Google Cloud’s HPC Strategy and Market Impact

Targeting Budget-Constrained HPC Centers

HPC centers with budget constraints typically prefer to build their own x86 clusters, amortizing server, switch, and storage costs over 4-5 years or longer, making this approach more cost-effective than cloud leasing. However, when tasks are time-sensitive or require ultra-large-scale computing power, the immediate scalability of cloud services becomes a key advantage. Google precisely addresses this need through H4D instances, offering high-performance CPU instances for traditional HPC workloads that have not yet been ported to GPUs.

Cost-Effectiveness Analysis

Although H4D’s final pricing has not been announced, based on the previous generation H3 instances (88-core Sapphire Rapids, HPL performance 7.4 TFLOPS, $4.9236 per hour), H4D (192 cores, 12 TFLOPS) is estimated to cost about $7.8777 per hour on-demand, with an annual rental cost of approximately $69,056, or $5,755 per TFLOPS.

In comparison, A3 instances (single H100 GPU, FP64 vector performance 33.5 TFLOPS) have an annual rental cost of $96,963, approximately $2,895 per TFLOPS (vector) or $1,448 per TFLOPS (tensor).
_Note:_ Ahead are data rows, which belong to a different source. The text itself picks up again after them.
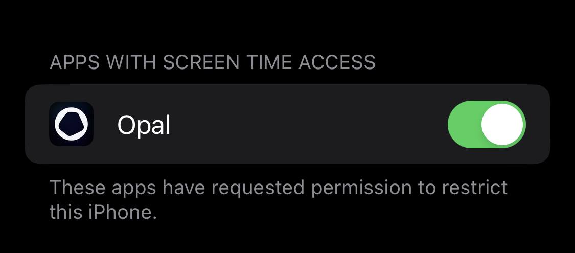 For me the best solution would be to use the ScreenTime passcode to enforce Opal, the same way itās already used to lock ScreenTime settings.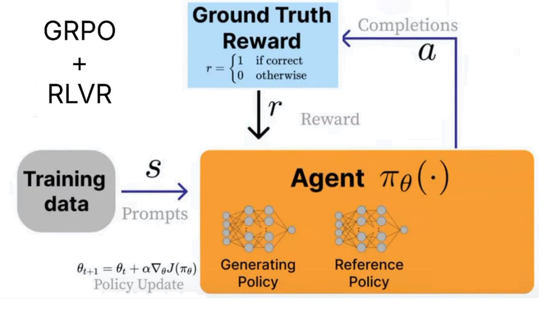 这意味着 GRPO 非常高效。你可以随时停止。这份指南值得一读。我们需要训练一个 agent 来针对某个问题(状态)生成人类认为更有用的输出。地址)→ +1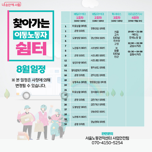 서울노동권익센터는 여름철 무더위 속에서 일하는 배달라이더, 퀵서비스 기사, 대리운전 기사 등을 위해 ‘찾아가는 이동노동자 쉼터’를 10월 4일까지 운영한다. ‘찾아가는 이동노동자 쉼터’ 관련 이용 및 상담은 서울노동권익센터 전화(02-6925-4349 / 070-4150-5254) 또는 누리집으로 문의하면 된다.

A4 instances (single B200 GPU, FP64 performance 40 TFLOPS) are estimated to have an annual rental cost of $193,923, approximately $4,848 per TFLOPS.
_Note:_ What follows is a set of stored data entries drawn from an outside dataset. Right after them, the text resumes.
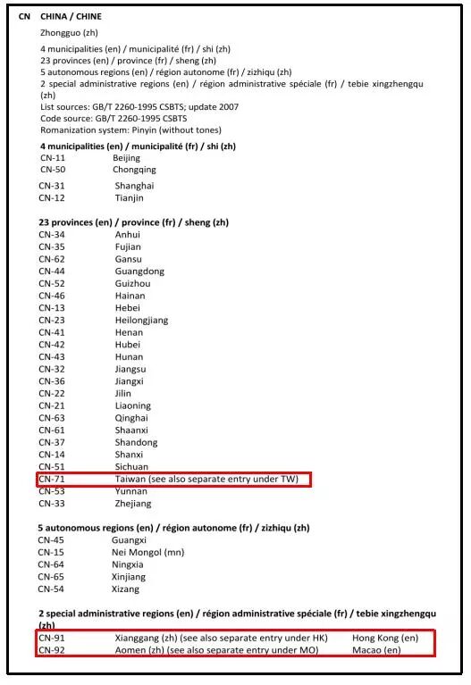 可见ISO3166-1中将台湾作为中国的一个省,香港和澳门作为中国的两个特别行政区,并分别赋予不同的代码。 ISO3166-2将涉及中国的直辖市、省、自治区和特别行政区的赋予代码,具体见以下截图。 从以上可以看出,无论是ISO3166-1,还是ISO3166-2,ISO始终坚持一个中国原则。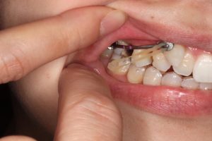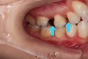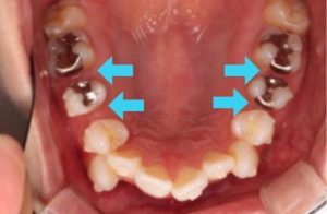 ちなみに、わたしは犬歯と奥歯との間の長さが長すぎたので、右側は銀色の装置でしたが、左側は下の写真のように透明な装置で付けることができました。ほとんどの場合は透明な装置で可能なようです。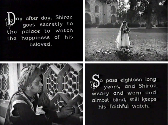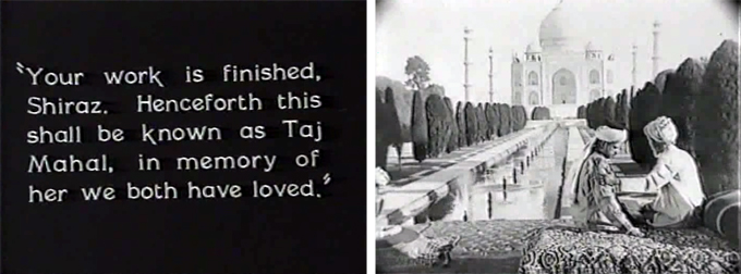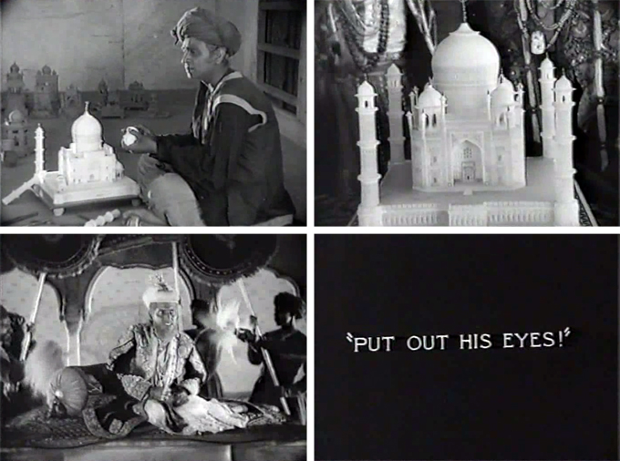 (I love that the intertitle is in all caps for that one.) Luckily the guy wielding the red-hot pokers realizes that Shiraz is already blind, and informs the Emperor—who finally recognizes him as his late wife’s “brother”. Whew! Shiraz moves into the palace and works with the Emperor’s builders to ensure that the monument is built, and then they all live happily ever after (at least until the Emperor’s son overthrows and imprisons him, but they don’t show that part).

Although H4D’s unit computing power cost is higher than GPU instances, its 1488 GB memory and 3.75 TB local storage are more suitable for memory-intensive HPC tasks. Additionally, there’s no need to modify existing code, reducing migration costs.
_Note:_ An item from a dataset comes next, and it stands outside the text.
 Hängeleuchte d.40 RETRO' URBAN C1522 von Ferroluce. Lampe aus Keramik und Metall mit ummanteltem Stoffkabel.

Flexibility and Applicability

H4D’s three configurations (720 GB, 1488 GB, 1488 GB+3.75 TB) provide diverse options for HPC centers. Budget-constrained institutions can choose lower-configuration versions to control costs, while users requiring high throughput can choose higher-configuration versions to meet complex simulation needs.

The on-demand scalability of cloud services means HPC centers don’t need to bear hardware maintenance and data center operation costs, making it particularly suitable for temporary or burst tasks such as earthquake simulations or genomic analysis.

Google’s simultaneously launched A4 and A4X instances, based on NVIDIA Blackwell B200 GPUs, provide 72 PFLOPS (8 GPUs) and 720 PFLOPS (72 GPUs) of FP8 performance respectively, a 2.25x improvement over the previous generation A3 Mega (H100 GPU). A4X supports MPI communication through NVLink/NVSwitch, naturally adapting to HPC tasks such as parallel finite element analysis.

Google’s strategy is to cover traditional CPU workloads through H4D while meeting the needs of AI and HPC convergence with A4/A4X. For example, molecular dynamics can leverage H4D’s FP64 performance, while machine learning-driven material simulations can utilize A4’s FP8 computing power. This dual-line layout enhances Google Cloud’s appeal to the HPC market.

Market Competition and Future Outlook

In the HPC cloud service market, Google Cloud faces strong competition from AWS and Azure. AWS’s EC2 Hpc6a instances (based on AMD EPYC) and Azure’s HBv4 series (based on Genoa EPYC) are similar in performance to H4D, but Google’s innovation in network technology provides it with a differentiated advantage. The low latency and high compatibility of Titanium and Falcon lower the migration threshold for HPC applications, potentially attracting more academic and research institutions.

However, HPC centers’ acceptance of cloud services is still constrained by budget and cultural inertia. Google needs to further reduce barriers through more competitive pricing and ecosystem support (such as optimizing open-source HPC toolchains).

The narrowing gap in FP64 performance between AMD CPUs and NVIDIA GPUs reflects the shift in GPU design towards AI low-precision computing, while CPUs’ dominance in traditional HPC is difficult to shake in the short term. Through the coordinated layout of H4D and A4, Google not only responds to the realistic needs of HPC centers but also paves the way for the convergence of AI and HPC.

In the long term, Google Cloud’s HPC strategy may drive more institutions to transition from local clusters to the cloud, accelerating the digital transformation of scientific research.